Three other quick ideas for why my first experiment went poorly:

  • maybe I had accidentally used a weaker model
  • maybe the scene data format I had specified was a mistake
  • maybe some unknown error happened and I just didn't notice

So Ray Tracing does work?

I would say "yes". That's a relief because it SHOULD work, based on what I know about LLMs. I must have done something wrong in my first attempt that caused it to work poorly.

But.. those scenes above aren't perfect. Not even close. I hope to spend some more time digging into individual features and invent a way to approach my experiments more scientifically.

Followups

I am already planning a 3rd experiment in my head. Maybe sometime in the next 2-3 weeks. A few things I want to improve or investigate are:

How do results compare with IDENTICAL scenes?

In my three attempts here, each program is rendering a slightly different scene. I want to retry this with careful controls in place. No context pollution, exact same instructions for unit testing and outputs. I also need to add a scene loader, so that each program receives EXACTLY the same inputs.

How well does each prompt handle different features?

Beyond the most basic rendering, there are a LOT of extras that a ray-tracer can implement to improve realism, things like shadows, textures, reflections, different light sources, and a zillion more. I wasn't keeping track of which features landed in each of these programs. My instructions were just "make a ray-tracer". To make any comparison between outputs, the renderers really need to have the same features.

Isn't this just memorized code?

Sorta?

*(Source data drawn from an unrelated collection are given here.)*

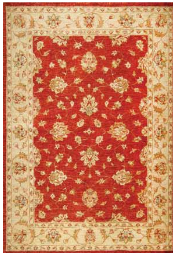
PAK-ZIGLER ISLAMABAD SP/09905 150x199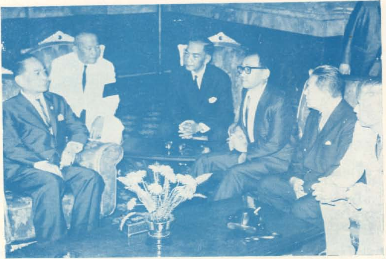
ซึ่งจะไปประชุมสหภาพรัฐสภา ครั้งที่ ๕๕ ณ กรุงเตหะราน ประเทศอิหร่าน รัฐสภาเกาหลี ในโอกาสนี้ด้วย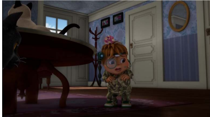
Figuur 5. Frame uit fragment jongens niet-stereotyperend: Alvin and the Chipmunks (2016) De jongen is angstig om het huis van de buurvrouw in te gaan en helpt de man met zijn computer.

De conditie jongens niet-stereotyperend bestond uit twee fragmenten waarbij het jongens character niet stereotyperend gedrag vertoonde: verzorgend, liefelijk, angstig, onzeker. De fragmenten komen uit aflevering A4: wat een juweeltje en A7: chillen in opa stijl.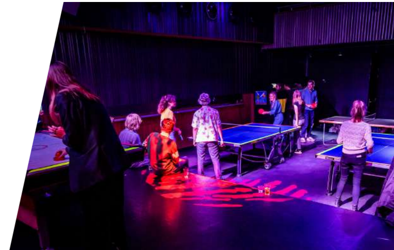
Pingpongen tijdens The Palace

In het najaar organiseerde de Nobel een aantal edities van The Palace, een op de jaren tachtig geïnspireerde avond met Arcade Games, ping-pong tafels en 80's muziek.

I mean, yes, "fuzzy memorizing" is one thing that LLMs do. But to what extent is it using EXACTLY or CLOSELY memorized code? I'd like to compare the generated code to existing tutorial code, to github code, and to other agent-generated code. Is it identical? Or just similar? Seems tricky. Basic ray-tracing code will always look KINDA similar. Within the limits of normal and reasonable code, there's only so many ways to do it. Still, it would be interesting to investigate the extent to which different prompts result in different code.